Там, на сельском этом кладбище, взобравшемся на сухой холм в километре от деревни, стояли молчаливые и строгие березы, кусты малины разрослись у ворот, в начале лета вспыхивали одуванчики, а осенью вылезали на песчаных дорожках никому не нужные маслята. От подножья холма далеко, до самого леса, лежало ржаное поле, узкая и прямая дорога к опушке, где виднелась деревня, разрезала его, как пробор в волосах. Летали над полем и над березами, медленно взмахивая крыльями, разные птицы, и верилось, что мертвым тут спокойно. И было не страшно, когда подумаешь, что вот и самому придется так лежать. Не то что здесь, среди одинаковых казенных памятников, сделанных из какого-то шлакобетонного материала.

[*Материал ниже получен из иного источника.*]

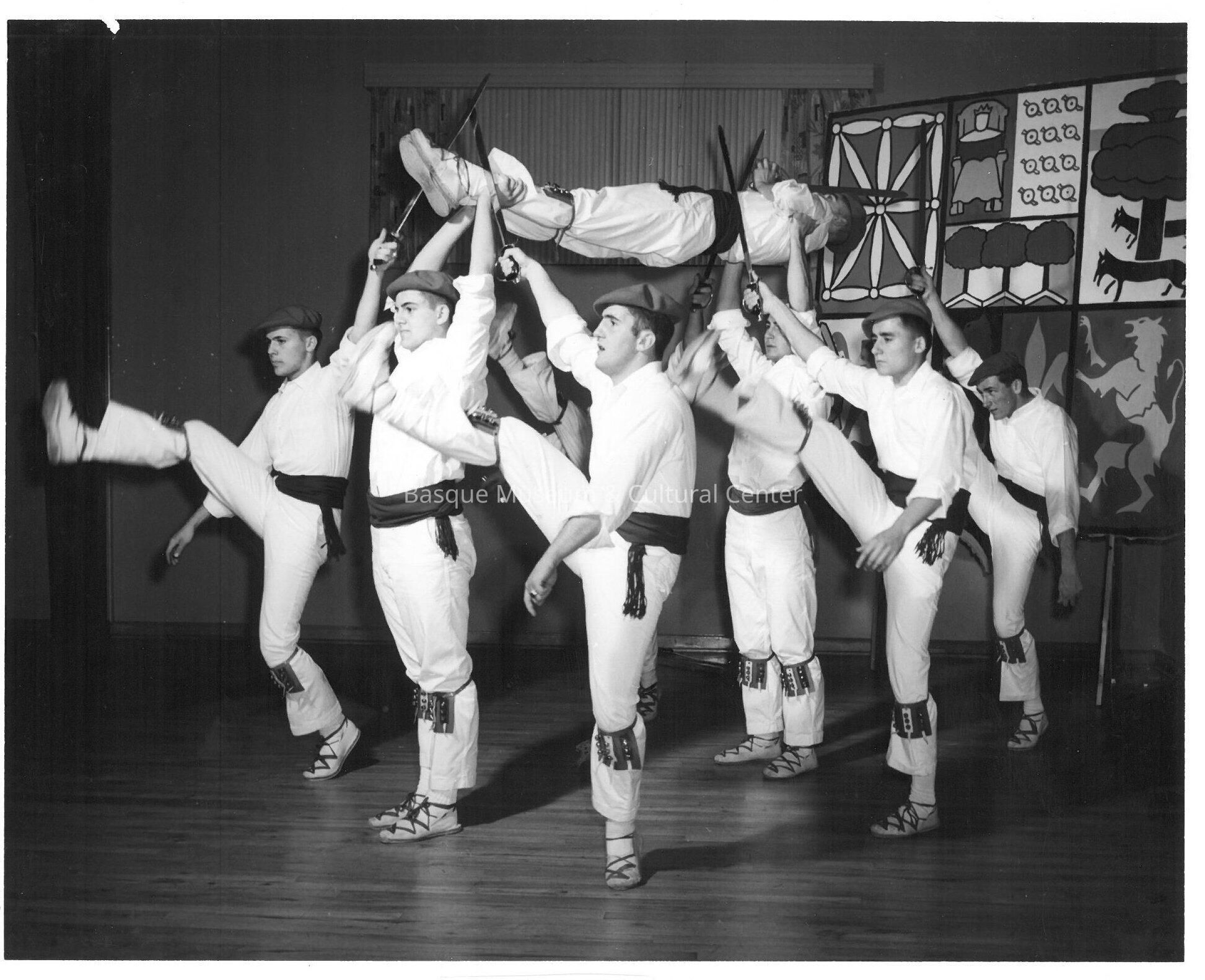 Copy of a black and white photo print, of Oinkari dancers. There are 8 men in costume dancing/performing. Seven men are holding up one man tied up. Two men, one in front and one in back are holding man in air with both hands, while 5 men hold man in air with one hand holding swords that are attached to lifted mans bindings, while kicking right leg up in the air.

Нет, он, Кравцов, на такое не согласен.
Видел он, правда, сегодня одно старинное надгробие, не похожее на стандартные эти памятники. Большой замшелый камень лежал среди высокой травы в стороне от дорожки, а на камне — ни имени, ни фамилии, ни дат рождения и смерти. Всего три слова: «Вотъ и все».
То, что собственную его жену, Анну Ивановну Кравцову, скончавшуюся три месяца назад, похоронили там, куда он сам-то не хотел, это Павла Ильича не очень расстраивало: во-первых, его лично вины тут не было, все решал не он, а женина сестра, вздорная старуха, а во-вторых, Анне Ивановне, при ее характере и способности на все быть согласной, наверняка без разницы было, где лежать.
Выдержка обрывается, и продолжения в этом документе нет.